_Exercise aim_. Write down the listing again exactly as it appears below, without its pictures.

------------------------------------------------------------------------

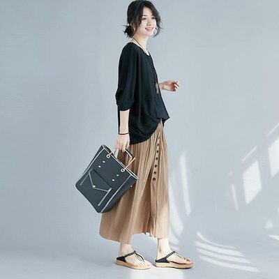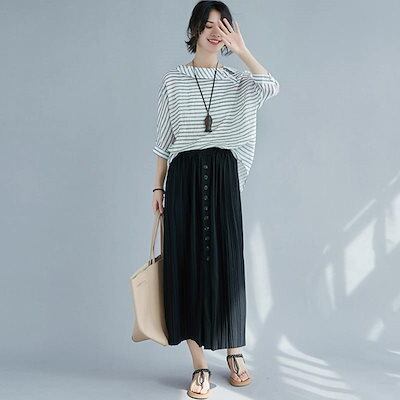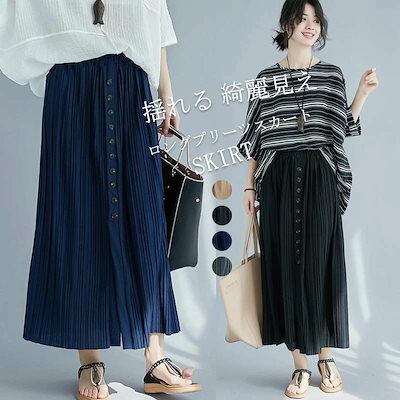 プリーツスカート ロング 春夏 ロングスカート 膝下 ひざ下 レディース ボトムス マキシ丈 ロング丈 フレアスカート ロンスカ aライン 無地 ウエストゴム ハイウエスト 夏 カート スリット マキ
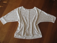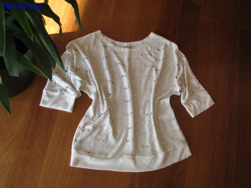 Witam, Sprzedam elegancki, dobry gatunkowo sweterek, bluzkę typu nietoperz w rozmiarze XL niemieckiej firmy MULTIBLU. Bluzka wykonana z przyjemnej w dotyku i przewiewnej dzianinki w białym kolorze. Przód bluzki na całej powierzchni ozdobiony jest mieniącymi się na srebrno cekinkami, tył gładki. Sweterek zakładany jest przez głowę, wykończenie pod szyją okrągłe, rękawki po założeniu ¾. Sweterek o designerskim fasonie, jego wygodny, luźny krój zapewnia maksymalną swobodę ruchów i doskonale zatuszuje wszelkie niedoskonałości sylwetki. Sweterek z subtelnie mieniącymi się dodatkami, stanowi znakomite uzupełnienie codziennych stylizacji, dodając im delikatności, kobiecości i stylu a przyjemny materiał, ładnie układający się na sylwetce, pozwoli czuć się komfortowo przez cały dzień. Bluzka uniwersalna, dobrej jakości, sprawdzi się o każdej porze roku i przy każdej okazji. Sweterek jest mało używany - w idealnym stanie, nie sprany, czysty, niezniszczony, bez plam i zaciągnięć. Rozmiar z metki XL dobry również dla osób w rozmiarach M i L. Poniżej podaję rzeczywiste wymiary sweterka leżącego na płasko (+/-): długość całkowita 70 cm, długość od brzegu dekoltu do końca rękawka 57 cm, szerokość od „pachy do pachy” 62 cm x 2, szerokość w pasie i u dołu 56 cm x 2. Zapraszam do zakupu :)
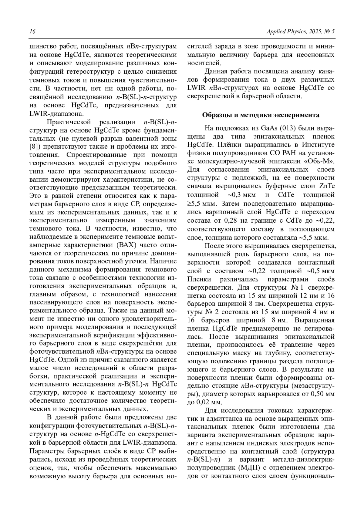 Для создания инфракрасных (ИК) фотоприёмных устройств для длинноволновой области инфракрасного (ИК) спектра (LWIR, 8–14 мкм), работающих при более высоких температурах охлаждения, чем классические фотодиоды на основе HgCdTe, перспективными являются униполярные барьерные nBn-структуры на основе HgCdTe [1].
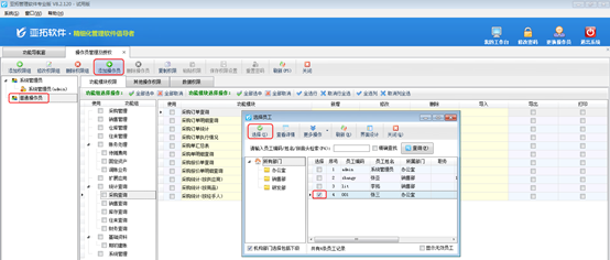 添加操作員:可以將“部門員工信息”中的員工設(shè)置為操作員,支持批量設(shè)置。如圖3所示,選中“普通操作員”權(quán)限組,點(diǎn)擊“添加操作員”按鈕,勾選相應(yīng)的操作員后點(diǎn)擊“選擇”按鈕。
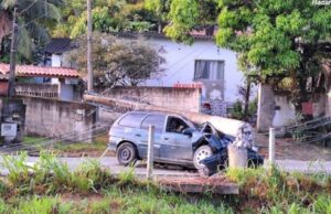 Carro bate em poste e interrompe acesso em via no litoral...

------------------------------------------------------------------------

_Task response_.
 プリーツスカート ロング 春夏 ロングスカート 膝下 ひざ下 レディース ボトムス マキシ丈 ロング丈 フレアスカート ロンスカ aライン 無地 ウエストゴム ハイウエスト 夏 カート スリット マキ
 Witam, Sprzedam elegancki, dobry gatunkowo sweterek, bluzkę typu nietoperz w rozmiarze XL niemieckiej firmy MULTIBLU. Bluzka wykonana z przyjemnej w dotyku i przewiewnej dzianinki w białym kolorze. Przód bluzki na całej powierzchni ozdobiony jest mieniącymi się na srebrno cekinkami, tył gładki. Sweterek zakładany jest przez głowę, wykończenie pod szyją okrągłe, rękawki po założeniu ¾. Sweterek o designerskim fasonie, jego wygodny, luźny krój zapewnia maksymalną swobodę ruchów i doskonale zatuszuje wszelkie niedoskonałości sylwetki. Sweterek z subtelnie mieniącymi się dodatkami, stanowi znakomite uzupełnienie codziennych stylizacji, dodając im delikatności, kobiecości i stylu a przyjemny materiał, ładnie układający się na sylwetce, pozwoli czuć się komfortowo przez cały dzień. Bluzka uniwersalna, dobrej jakości, sprawdzi się o każdej porze roku i przy każdej okazji. Sweterek jest mało używany - w idealnym stanie, nie sprany, czysty, niezniszczony, bez plam i zaciągnięć. Rozmiar z metki XL dobry również dla osób w rozmiarach M i L. Poniżej podaję rzeczywiste wymiary sweterka leżącego na płasko (+/-): długość całkowita 70 cm, długość od brzegu dekoltu do końca rękawka 57 cm, szerokość od „pachy do pachy” 62 cm x 2, szerokość w pasie i u dołu 56 cm x 2. Zapraszam do zakupu :)
 Для создания инфракрасных (ИК) фотоприёмных устройств для длинноволновой области инфракрасного (ИК) спектра (LWIR, 8–14 мкм), работающих при более высоких температурах охлаждения, чем классические фотодиоды на основе HgCdTe, перспективными являются униполярные барьерные nBn-структуры на основе HgCdTe [1].
 添加操作員:可以將“部門員工信息”中的員工設(shè)置為操作員,支持批量設(shè)置。如圖3所示,選中“普通操作員”權(quán)限組,點(diǎn)擊“添加操作員”按鈕,勾選相應(yīng)的操作員后點(diǎn)擊“選擇”按鈕。
 Carro bate em poste e interrompe acesso em via no litoral...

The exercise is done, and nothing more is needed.